[Material provided]

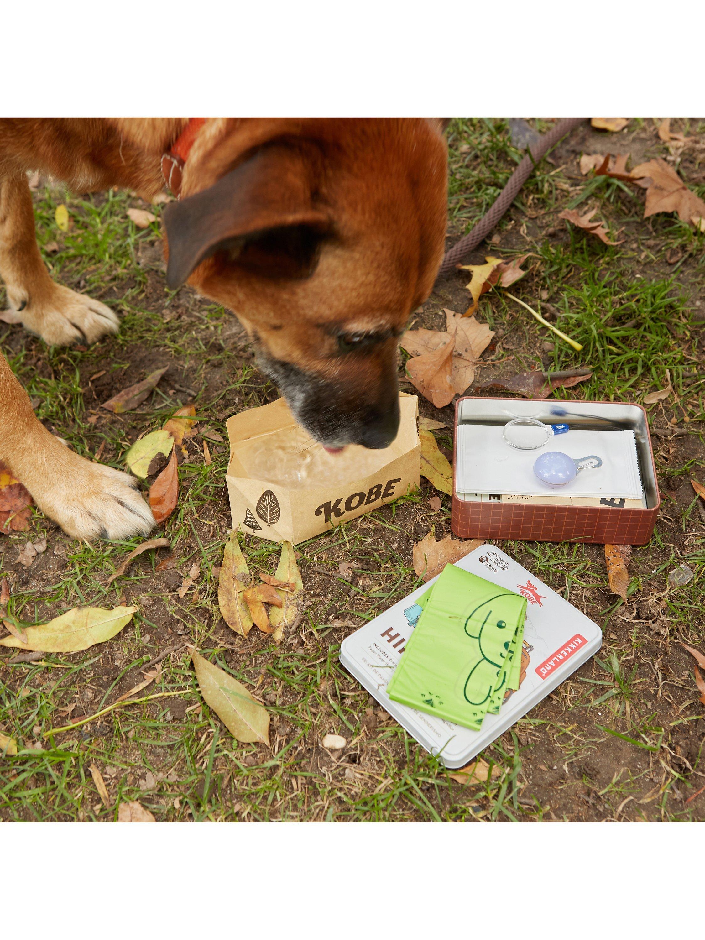 A hiking kit designed for your dog. Includes biodegradable poop bags, wet wipes, dog light, paper water bowls, booklet, tick removal tool.
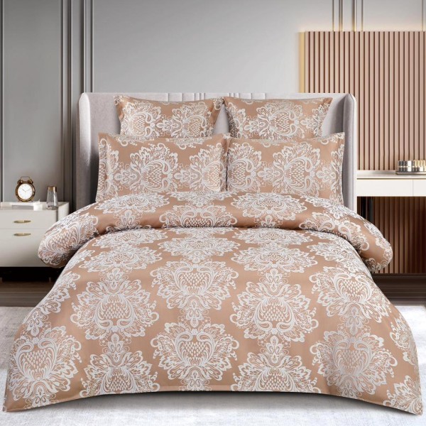 Lenjerie pat dublu, JACQUARD FINETAT, 6 piese, cu ELASTIC, Bej, CumparaMisim, cod produs: SPR-T3-11
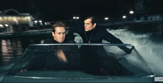 Берлин 1963 года. В кадре позорная стена, разделяющая Берлин на две части. Пропускной пункт Чекпойнт Чарли. Стильный красавчик Наполен Соло (Кавилл) – американский шпион. Он направляется в зону советского влияния, за ним тайно следует рыжий парень в кепке. Это Курякин – советский агент. Играет его Арми Хаммер – правнук "официального друга" СССР Арманда Хаммера – того самого американца с одесскими корнями, который видел Ленина и делал бизнес в СССР: открывал заводы и фабрики, скупал по дешевке яйца Фаберже и толкал их по спекулятивной цене на Западе.
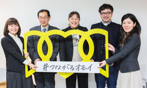 「つながるオモイ」キャンペーンのために集まったのは、左から順に「ラッシュジャパン」バイイングチーム・リーダーの黒澤千絵実さん、「南相馬農地再生協議会」杉内清繁さん、「いわきおてんとSUN」吉田恵美子さんと同・酒井悠太さん、「ラッシュジャパン」チャリティ キャンペーン・マネージャーの高橋麻帆さん
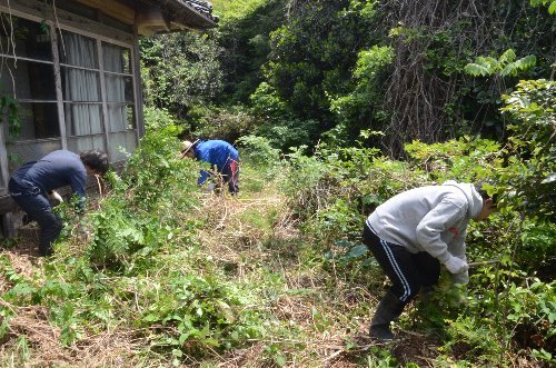 曽田文庫の分館予定地の一つ、奥出雲町高田地区の古民家で、草刈りワークショップをしました!
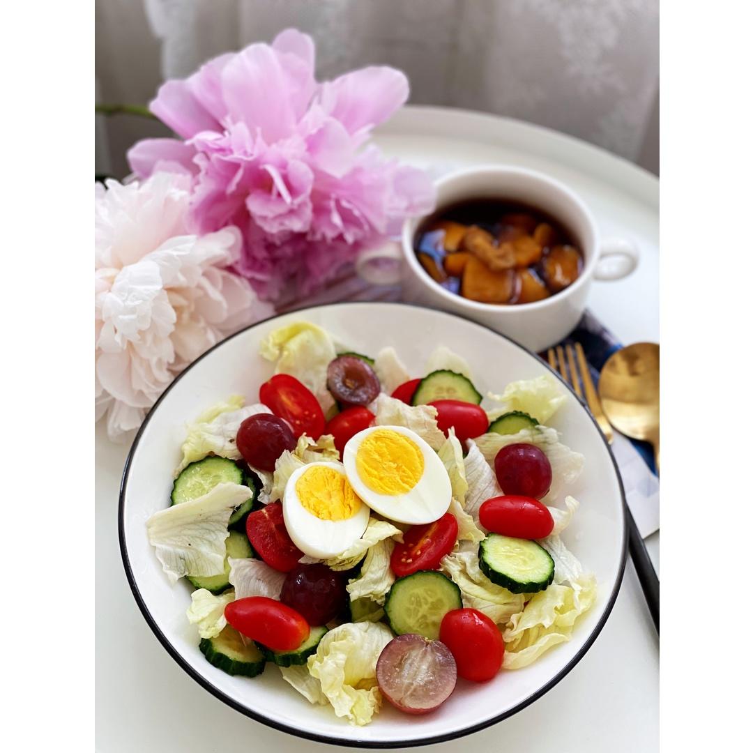 是日早餐:蔬果沙拉+番薯姜汁糖水
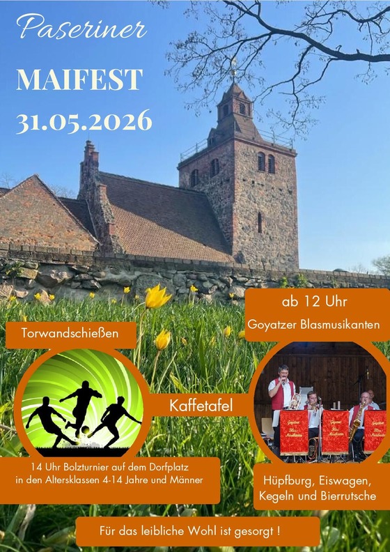 Am 31. Mai 2026 findet das traditionelle Maifest in Paserin statt. Ab 12:00 Uhr spielen die Goyatzer Blasmusikanten und um 14:00 Uhr findet ein Bolztunier auf dem Dorfplatz in den Altersklassen 4-14 Jahre und Männer statt.
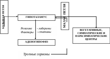 Особенностях выработки тропных гормонов шишковидного тела, гипофиза и серого бугра гипоталамуса.
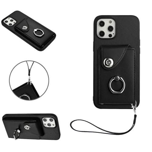 Funda para Teléfono iPhone 12 Mini PU con Soporte para Anillo y Bolsa para Tarjeta con Cordón (Negro)

[/Material provided]

__Problem details__:
Could you copy every record exactly, without the pictures?

__Answer for this exercise__:
 A hiking kit designed for your dog. Includes biodegradable poop bags, wet wipes, dog light, paper water bowls, booklet, tick removal tool.
 Lenjerie pat dublu, JACQUARD FINETAT, 6 piese, cu ELASTIC, Bej, CumparaMisim, cod produs: SPR-T3-11
 Берлин 1963 года. В кадре позорная стена, разделяющая Берлин на две части. Пропускной пункт Чекпойнт Чарли. Стильный красавчик Наполен Соло (Кавилл) – американский шпион. Он направляется в зону советского влияния, за ним тайно следует рыжий парень в кепке. Это Курякин – советский агент. Играет его Арми Хаммер – правнук "официального друга" СССР Арманда Хаммера – того самого американца с одесскими корнями, который видел Ленина и делал бизнес в СССР: открывал заводы и фабрики, скупал по дешевке яйца Фаберже и толкал их по спекулятивной цене на Западе.
 「つながるオモイ」キャンペーンのために集まったのは、左から順に「ラッシュジャパン」バイイングチーム・リーダーの黒澤千絵実さん、「南相馬農地再生協議会」杉内清繁さん、「いわきおてんとSUN」吉田恵美子さんと同・酒井悠太さん、「ラッシュジャパン」チャリティ キャンペーン・マネージャーの高橋麻帆さん
 曽田文庫の分館予定地の一つ、奥出雲町高田地区の古民家で、草刈りワークショップをしました!
 是日早餐:蔬果沙拉+番薯姜汁糖水
 Am 31. Mai 2026 findet das traditionelle Maifest in Paserin statt. Ab 12:00 Uhr spielen die Goyatzer Blasmusikanten und um 14:00 Uhr findet ein Bolztunier auf dem Dorfplatz in den Altersklassen 4-14 Jahre und Männer statt.
 Особенностях выработки тропных гормонов шишковидного тела, гипофиза и серого бугра гипоталамуса.
 Funda para Teléfono iPhone 12 Mini PU con Soporte para Anillo y Bolsa para Tarjeta con Cordón (Negro)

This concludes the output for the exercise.